A great, if not eclectic cast (Lee Van Cleef, James Mason, Gina Lollobrigida, Sergio Fantoni, Jess Hahn, Simon Andreu, Eduardo Fajardo, Gianni Garko, Diana Lorys) finds itself somewhat stranded - and in the case of Mason, evidently embarrassed - in the face of the film's bizarre changes of mood!
'Sting Of The West' (1972 aka 'Tedeum') stars: Jack Palance, Giancarlo Prete, and Lionel Stander.
Jack Palance and Giancarlo Prete play a pair of frontier sharpsters who are trying to sell a supposedly worthless gold mine.

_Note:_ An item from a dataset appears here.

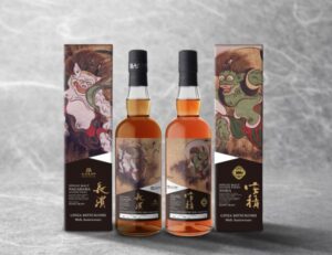 「風神」ボトルには1946年にウイスキー製造免許を取得した、「風の蒸溜所」とよばれる福島県の<安積蒸溜所>より、白ワイン樽にて熟成されたウイスキーを採用しました。「雷神」ボトルには、INAZUMA(イナズマ)シリーズ等数多くのウイスキーを手がける滋賀県の<長濱蒸溜所>より、赤ワイン樽にて熟成された原酒をそれぞれ特別にボトリングしました。

When the mine turns out to be real, our two misfits, along with their inept entourage, must try and recover the deed to the mine in this slapstick SW.
Director Enzo G. Castellari, who co-wrote the cheerfully inane and eventful script with Tito Carpi and Jose Gutierrez Maesso, relates the nutty story at a constant zippy pace and maintains an amiably silly tongue-in-cheek tone throughout.
Moreover, the lively cast play their broadly caricatured parts with tremendous lip-smacking enthusiasm! This is a Widescreen Presentation (1.85:1) enhanced for 16x9 TVs.